- _TRY IT_
Whatever pictures appear, omit them, and repeat the data below exactly.

- _DATASET EXTRACT_
★ ★ ★ ★

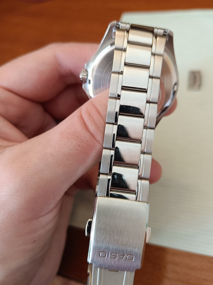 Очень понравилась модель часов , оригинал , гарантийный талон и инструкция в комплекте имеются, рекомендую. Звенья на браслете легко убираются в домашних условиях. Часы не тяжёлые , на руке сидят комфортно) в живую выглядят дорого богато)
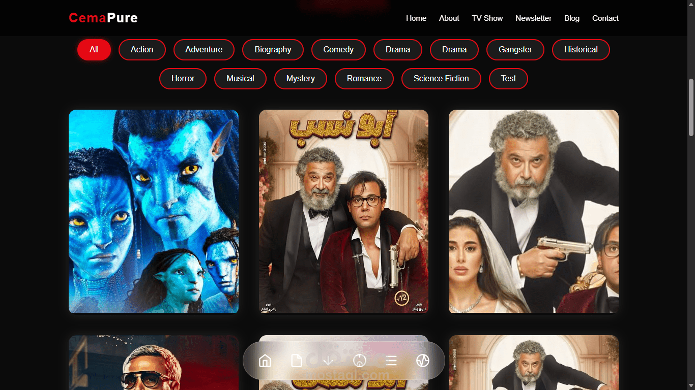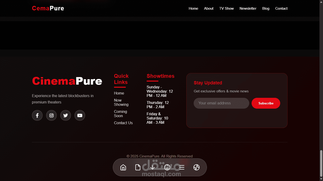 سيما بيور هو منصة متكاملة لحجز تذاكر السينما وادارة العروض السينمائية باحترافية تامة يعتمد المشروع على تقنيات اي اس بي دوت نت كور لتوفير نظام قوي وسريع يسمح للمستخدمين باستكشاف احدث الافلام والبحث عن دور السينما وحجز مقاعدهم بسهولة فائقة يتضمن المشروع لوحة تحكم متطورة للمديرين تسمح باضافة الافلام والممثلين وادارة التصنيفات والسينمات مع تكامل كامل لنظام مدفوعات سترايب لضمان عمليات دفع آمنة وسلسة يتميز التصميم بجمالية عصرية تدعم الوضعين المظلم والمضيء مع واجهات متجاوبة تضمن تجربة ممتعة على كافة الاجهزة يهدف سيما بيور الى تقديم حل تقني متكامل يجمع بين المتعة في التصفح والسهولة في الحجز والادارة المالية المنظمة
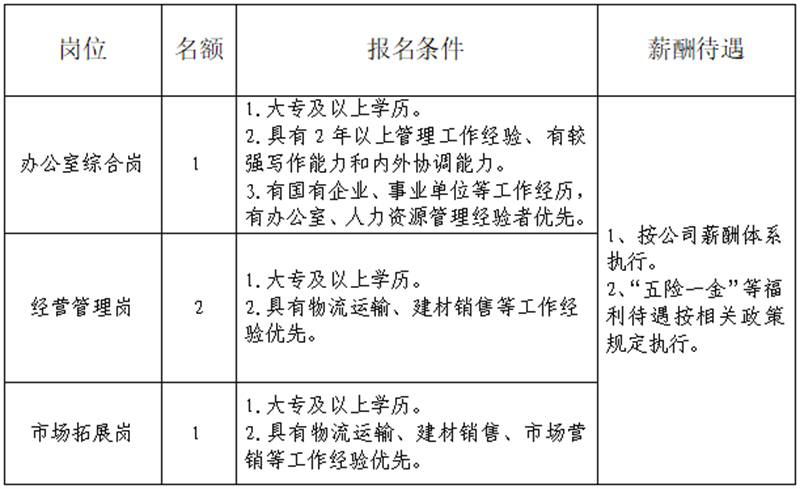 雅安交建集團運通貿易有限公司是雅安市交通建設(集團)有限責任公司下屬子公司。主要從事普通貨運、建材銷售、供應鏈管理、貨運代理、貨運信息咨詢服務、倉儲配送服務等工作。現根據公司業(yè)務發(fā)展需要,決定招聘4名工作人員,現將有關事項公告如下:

★ ★ ★ ★

- _EXERCISE RESULT_
 Очень понравилась модель часов , оригинал , гарантийный талон и инструкция в комплекте имеются, рекомендую. Звенья на браслете легко убираются в домашних условиях. Часы не тяжёлые , на руке сидят комфортно) в живую выглядят дорого богато)
 سيما بيور هو منصة متكاملة لحجز تذاكر السينما وادارة العروض السينمائية باحترافية تامة يعتمد المشروع على تقنيات اي اس بي دوت نت كور لتوفير نظام قوي وسريع يسمح للمستخدمين باستكشاف احدث الافلام والبحث عن دور السينما وحجز مقاعدهم بسهولة فائقة يتضمن المشروع لوحة تحكم متطورة للمديرين تسمح باضافة الافلام والممثلين وادارة التصنيفات والسينمات مع تكامل كامل لنظام مدفوعات سترايب لضمان عمليات دفع آمنة وسلسة يتميز التصميم بجمالية عصرية تدعم الوضعين المظلم والمضيء مع واجهات متجاوبة تضمن تجربة ممتعة على كافة الاجهزة يهدف سيما بيور الى تقديم حل تقني متكامل يجمع بين المتعة في التصفح والسهولة في الحجز والادارة المالية المنظمة
 雅安交建集團運通貿易有限公司是雅安市交通建設(集團)有限責任公司下屬子公司。主要從事普通貨運、建材銷售、供應鏈管理、貨運代理、貨運信息咨詢服務、倉儲配送服務等工作。現根據公司業(yè)務發(fā)展需要,決定招聘4名工作人員,現將有關事項公告如下:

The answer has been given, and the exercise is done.